Provided records:
━━━━━━━━━━

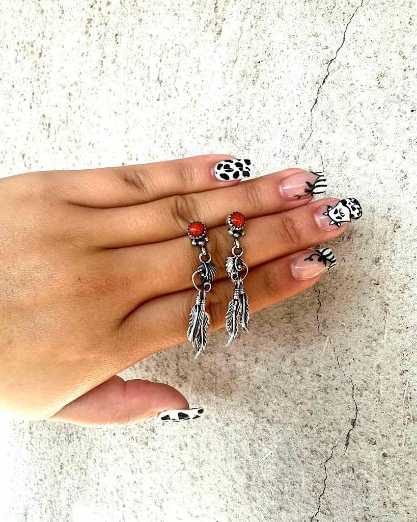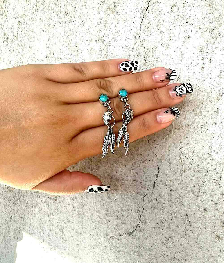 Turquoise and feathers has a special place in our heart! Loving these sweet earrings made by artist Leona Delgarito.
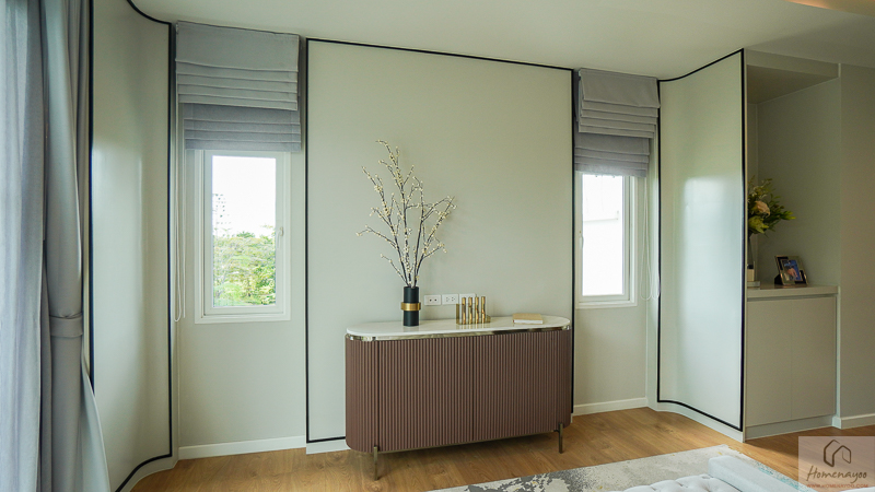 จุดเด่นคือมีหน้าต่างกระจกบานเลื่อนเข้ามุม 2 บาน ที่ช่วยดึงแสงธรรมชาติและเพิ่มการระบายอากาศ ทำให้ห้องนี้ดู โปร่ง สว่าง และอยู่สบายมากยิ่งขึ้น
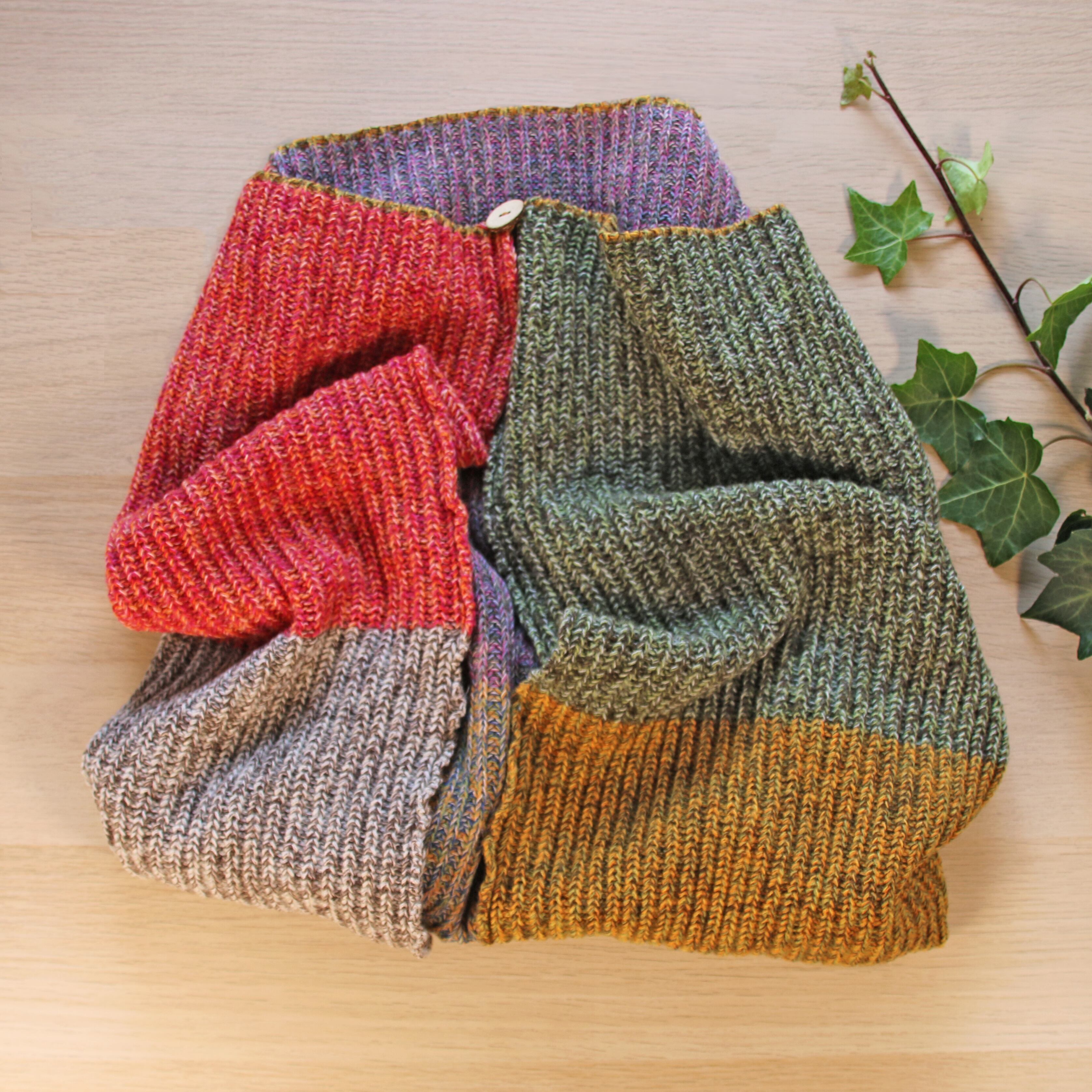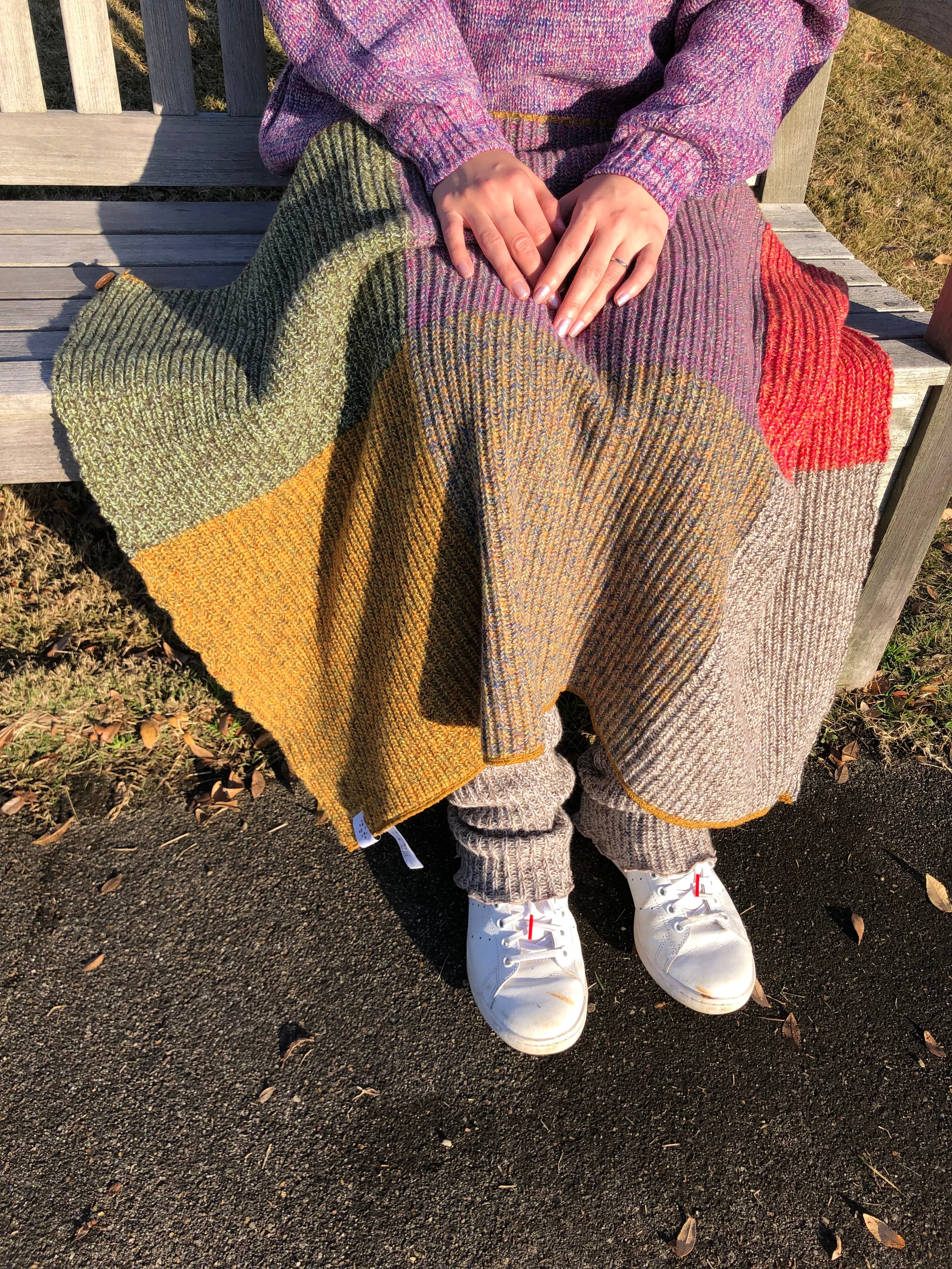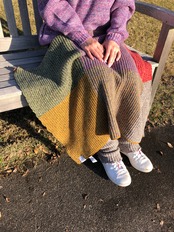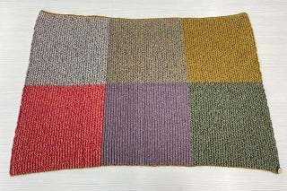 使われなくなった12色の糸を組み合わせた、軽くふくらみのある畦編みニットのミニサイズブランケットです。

━━━━━━━━━━

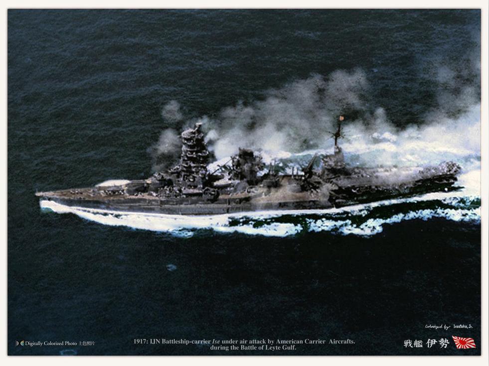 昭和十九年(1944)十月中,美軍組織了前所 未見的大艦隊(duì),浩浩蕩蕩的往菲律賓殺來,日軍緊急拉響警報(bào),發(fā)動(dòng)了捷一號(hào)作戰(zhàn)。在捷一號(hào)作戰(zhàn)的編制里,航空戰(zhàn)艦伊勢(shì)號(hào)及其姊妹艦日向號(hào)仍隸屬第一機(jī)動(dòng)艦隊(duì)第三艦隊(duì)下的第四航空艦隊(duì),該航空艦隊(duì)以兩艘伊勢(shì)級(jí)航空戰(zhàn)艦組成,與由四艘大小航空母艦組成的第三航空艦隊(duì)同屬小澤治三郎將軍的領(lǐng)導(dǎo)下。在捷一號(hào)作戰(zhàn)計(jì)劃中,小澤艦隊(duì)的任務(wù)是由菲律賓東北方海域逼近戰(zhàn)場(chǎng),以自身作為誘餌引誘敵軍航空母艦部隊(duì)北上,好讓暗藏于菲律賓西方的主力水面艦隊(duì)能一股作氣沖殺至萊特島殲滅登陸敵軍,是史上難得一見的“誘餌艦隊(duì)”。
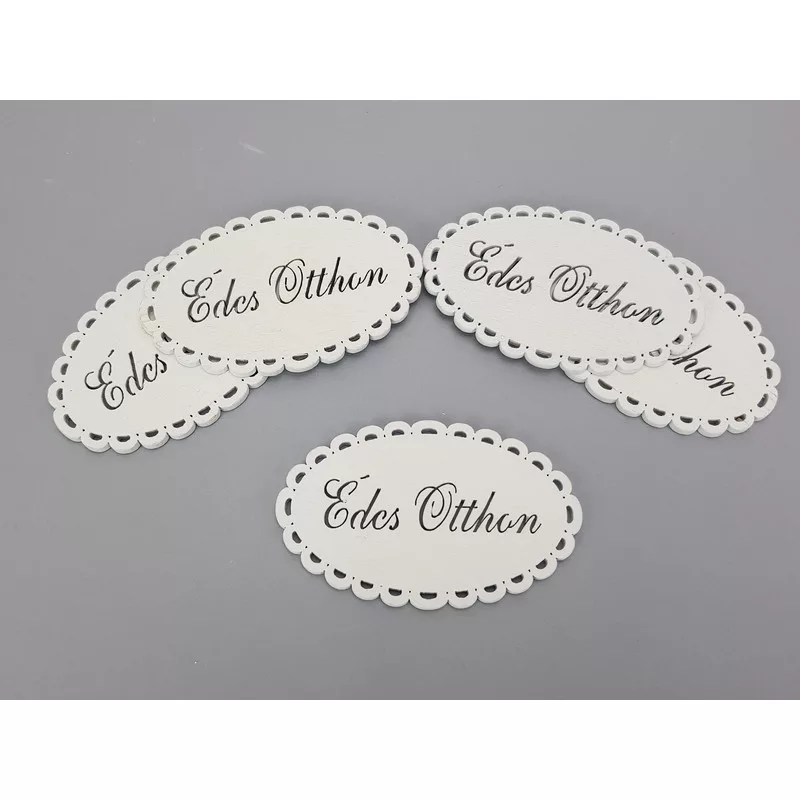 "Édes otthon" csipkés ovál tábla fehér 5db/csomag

━━━━━━━━━━

The line holding "昭和十九年(1944)十月中" starts the copy and the line holding "tábla fehér 5db/csomag" ends it. Repeat those two lines above and all between them exactly, leaving out pictures.

 昭和十九年(1944)十月中,美軍組織了前所 未見的大艦隊(duì),浩浩蕩蕩的往菲律賓殺來,日軍緊急拉響警報(bào),發(fā)動(dòng)了捷一號(hào)作戰(zhàn)。在捷一號(hào)作戰(zhàn)的編制里,航空戰(zhàn)艦伊勢(shì)號(hào)及其姊妹艦日向號(hào)仍隸屬第一機(jī)動(dòng)艦隊(duì)第三艦隊(duì)下的第四航空艦隊(duì),該航空艦隊(duì)以兩艘伊勢(shì)級(jí)航空戰(zhàn)艦組成,與由四艘大小航空母艦組成的第三航空艦隊(duì)同屬小澤治三郎將軍的領(lǐng)導(dǎo)下。在捷一號(hào)作戰(zhàn)計(jì)劃中,小澤艦隊(duì)的任務(wù)是由菲律賓東北方海域逼近戰(zhàn)場(chǎng),以自身作為誘餌引誘敵軍航空母艦部隊(duì)北上,好讓暗藏于菲律賓西方的主力水面艦隊(duì)能一股作氣沖殺至萊特島殲滅登陸敵軍,是史上難得一見的“誘餌艦隊(duì)”。
 "Édes otthon" csipkés ovál tábla fehér 5db/csomag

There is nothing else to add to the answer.